The proposed architecture this fictional team has at this point in the project (the very beginning), involves a DB for any information the API needs to keep track of (eg, authentication information) which is independent of its dependencies.

Once you have this drawing, you should think about the lines between them.

For example, the two apps will likely usually be contacting the API on unsecured and potentially unreliable networks. The two servers in our scenario are both in house in the same system as the API itself. The website is more likely to be used from home and hotel computers – still high potential for insecure connections. These are all factors which should be considered for the strategy.

Match Concerns to Layers

Once you have gathered concerns from 2 areas – the people/things who care and the architecture – it is time to create layers and decide what layer is intended to handle which concerns.

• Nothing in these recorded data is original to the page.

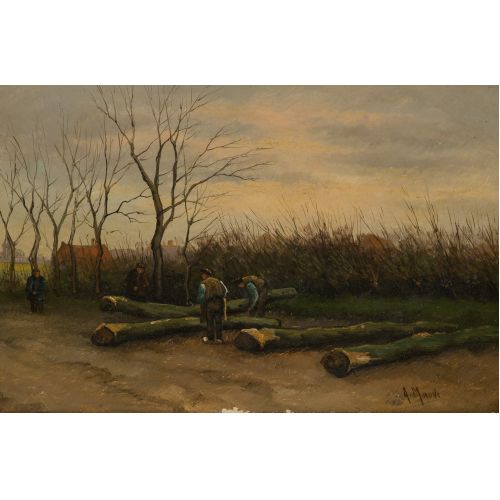 Undated, signed lower right, depicting lumber workers, on a beveled walnut panel having an Old Dutch Gallery, Amsterdam foil label verso, in a gold-tone gesso on wood frame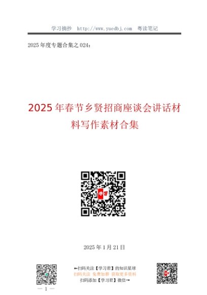 / 2025年度专题合集024:2025年春节乡贤招商座谈会讲话材料写作素材合集(7篇)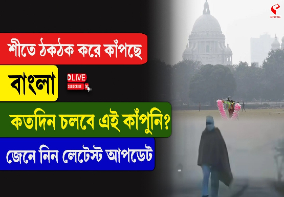 হাওয়া অফিস বলছে দক্ষিণবঙ্গে শীত স্থায়ী আরও চার থেকে পাঁচদিন। সেইসঙ্গে থাকবে কুয়াশা (Fog )। আগামী শনিবার পর্যন্ত কলকাতা সহ দক্ষিণবঙ্গে একাধিক জেলায় কুয়াশার প্রভাব থাকবে। দৃশ্যমানতা ৯৯৯ মিটার থেকে ক কমে ২০০ মিটার নামতে পারে। কুয়াশার সতর্কতা জারি করা হয়নি। আজ মুর্শিদাবাদ, নদিয়া, বীরভূম, উত্তর ২৪ পরগনায় ঘন কুয়াশা থাকবে। বীরভূম ও পূর্ব বর্ধমানে কোল্ড ডে ও কোল্ড ওয়েভের পূর্বাভাস রয়েছে। রোদের দেখা না মিললেও আবহাওয়া শুষ্ক থাকবে। বৃহস্পতিবার ও শুক্রবার বীরভূম ও পূর্ব বর্ধমানে কোল্ড ডে ও কোল্ড ওয়েভ বজায় থাকবে। শুক্রবার বীরভূমে কোল্ড ডে ও কোল্ড ওয়েভ থাকবে।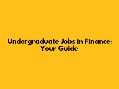 Undergraduate Jobs In Finance: Your Guide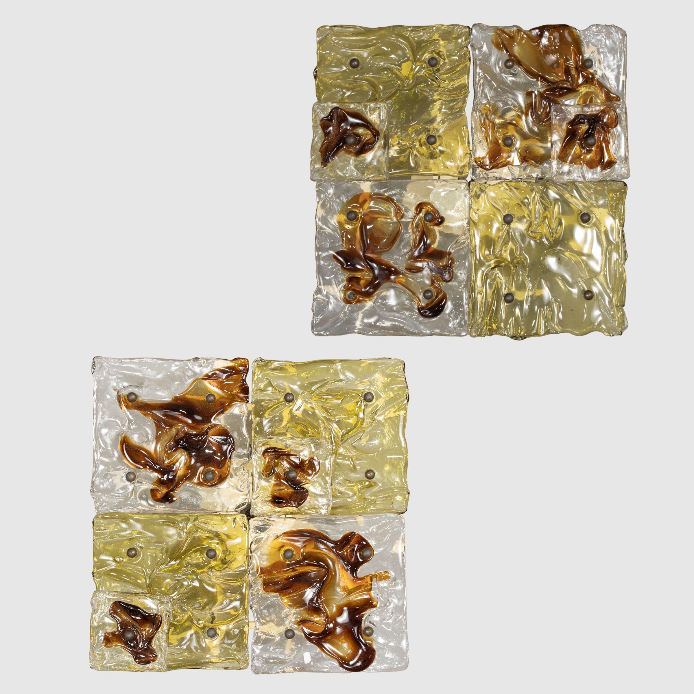 Murano, anni 60 coppia di lampade da parete o soffitto mod. Patchwork in metallo verniciato e vetro policromo. Bibliografia: I vetri di Venini, Catalogo 1921/2007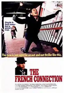 The French Connection is a 1971 American neo-noir[5] action thriller film[6] starring Gene Hackman, Roy Scheider, and Fernando Rey, and directed by William Friedkin. The screenplay, written by Ernest Tidyman, is based on Robin Moore's 1969 book of the same name. It tells the story of fictional NYPD detectives Jimmy "Popeye" Doyle and Buddy "Cloudy" Russo, whose real-life counterparts were Narcotics Detectives Eddie Egan and Sonny Grosso, in pursuit of wealthy French heroin smuggler Alain Charnier (played by Rey).
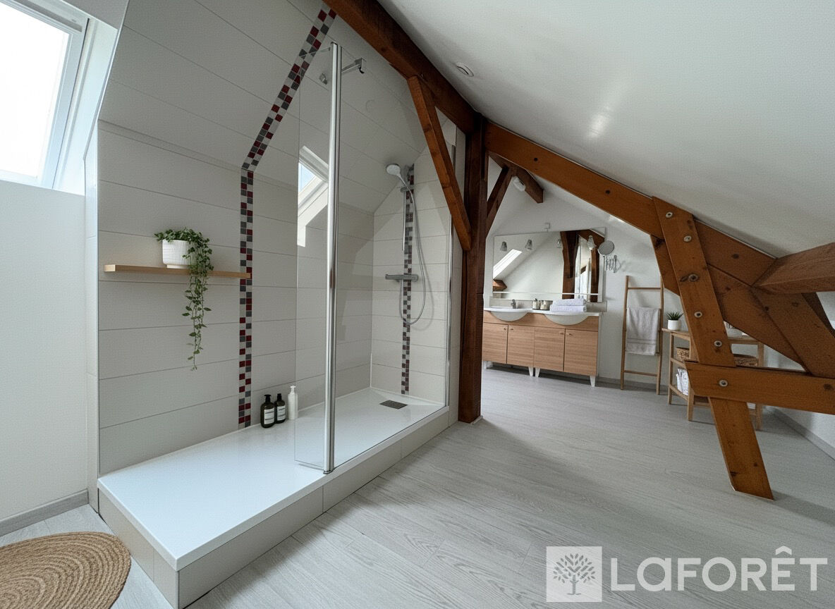 Deux salles de douche viennent parfaire le confort de cet appartement familial.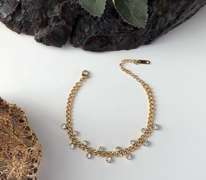 سوار ذهبي أنيق مزين بحبات كريستال شفافة تضفي لمسة فاخرة وعصرية. مطلي بالذهب عيار 18 مكفول سنة لتغير اللون.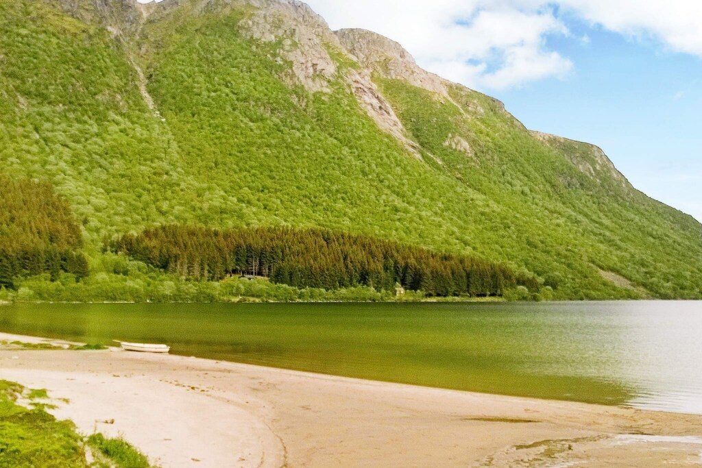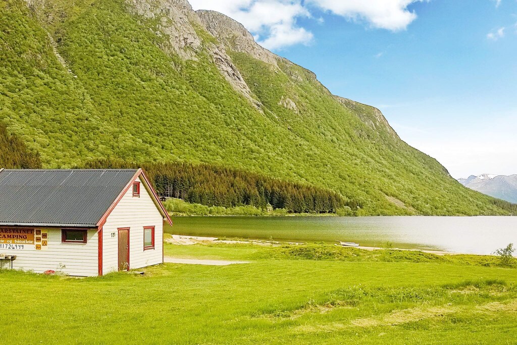 Ferienhaus mit einfachem Standard. Liegt attraktiv am See Skarsvatnet, auf der idyllischen Insel Åmøya mit Brückenverbindung zum Festland. Das Ferienhaus befindet sich unweit der Häuser 20926 und 20928 und bietet eine schöne Aussicht über den See und zum Gebirge der Umgebung. Eine preiswerte Unterkunft für Gäste ohne Ansprüche an Komfort und Ausstattung. Gutes Spielareal sowie seichteres Seeufer am Haus. Im See angelt man hauptsächlich Forelle und Saibling. Etwa 1 km zur Küste, auch dort beißen die Fische willig an. Es kann zwischen den Inseln und auch draußen auf offener See gefischt werden. Netze verfügbar und mehrere Boote zur Auswahl. Ein Boot m. 5 PS Motor liegt am Wasser ohne Aufpreis für Sie bereit. Zudem sind weitere Boote an der Küste mit 15 bzw. 25 PS starken Motoren tage- oder wochenweise, zu mieten. Die mietbaren Boote werden den Mietern von insgesamt 3 Häusern angeboten, wer zuerst bestellt, erhält den Zuschlag. Die Insel hat ein vielseitiges Wanderterrain zu bieten. Hier finden Sie noch unberührte Natur. Relativ leichte Wanderpfade führen hinauf zum Gipfel, von wo man einen fantastischen Blick auf das Meer und einige Inseln hat. Zu empfehlen ist auch ein Tagesausflug mit zum Gletscher Svartisen, dem zweitgrößten seiner Art in Norwegen. Vom Holandsfjord fahren mehrmals täglich Boote bis an den Gletscherrand heran. Weiter nördlich liegt der weltweit stärkste Gezeitenstrom Saltstraumen, der viermal täglich gewaltige Wassermassen befördert. Machen Sie auch einen Abstecher zum Küstenort Bodø, wo es z.B. ein interessantes Flugzeugmuseum gibt.

Sometimes a concern might need multiple layers – if you can break down the concern in a way which shows why, this helps with better understanding the concern. Eg, one concern noted above is around the malicious users who will want to exploit the system. We can break this down into at least two smaller concerns: wanting confidence hacking the system will be difficult (via penetration testing) and wanting to ensure developers do not introduce common code vulnerabilities (via static code analysis).

Similarly, a layer can also handle multiple concerns. It is a good idea to note when this is the case for if in the future a concern is moved to a different layer, but the other concerns are not able to move.

Noting what layers cover which concerns also makes it easier to know when to retire a layer. If you introduce a new layer which takes on concerns from others and accomplishes them in a better way, the old ones should be retired. The intent for a strategy is to be the most cost (time & resources) effective while giving the business and team confidence in the product they are building.

Some example concern-to-layer mappings:

Customer experience -> product analysis
Delivery team confidence around changing code -> Unit tests
Ease of understanding old work when on new features -> Unit tests
Difficult to hack system -> Penetration testing
Stop introducing vulnerabilities to the code -> Static code analysis


Layers cost money. Everything has a price. In the above example, penetration testing can be an expensive timely affair and depending on the working relationship with the penetration testers, will likely involve a lot of work on the dev team’s part to ensure their work is done within certain parameters and time to make the best use of the penetration testers’ time.

Ultimately a layer needs to always be worth its cost. If you are introducing a layer which only protects you from something minor whose risk, cost to fix, and impact on business are all low, this might not be a layer worth introducing. Every layer should be preventing something impactful enough to justify the cost of introducing and maintaining it.


To answer this question, there is a small modification we need to make to the image of the swiss cheese model introduced above.

Swiss Cheese Model with bowl at bottom to catch the issues

There is no such thing as perfection. There can be flaws in every step of the process or simply a shift in the market leading to a product not performing to perfection. As a result, we cannot measure our strategy’s success simply by bugs or some similar metric. Instead, our metric should focus on the fallout when there is a problem.

Many companies have some sort of Customer Success team, who are the first line when customers need help or have feedback. This team, or whatever your group uses as its first line, represents the bowl at the bottom – they are who deals with what falls through, whether it be a confusing customer experience, a bug interfering with customers, or market fall out due to an exposed security vulnerability.

Your strategy succeeds so long as that team is succeeding. If they are falling behind or otherwise overwhelmed (eg, catastrophic bug happens), then you are not succeeding and should examine your process with what is happening to see what can be improved with the information from Customer Success.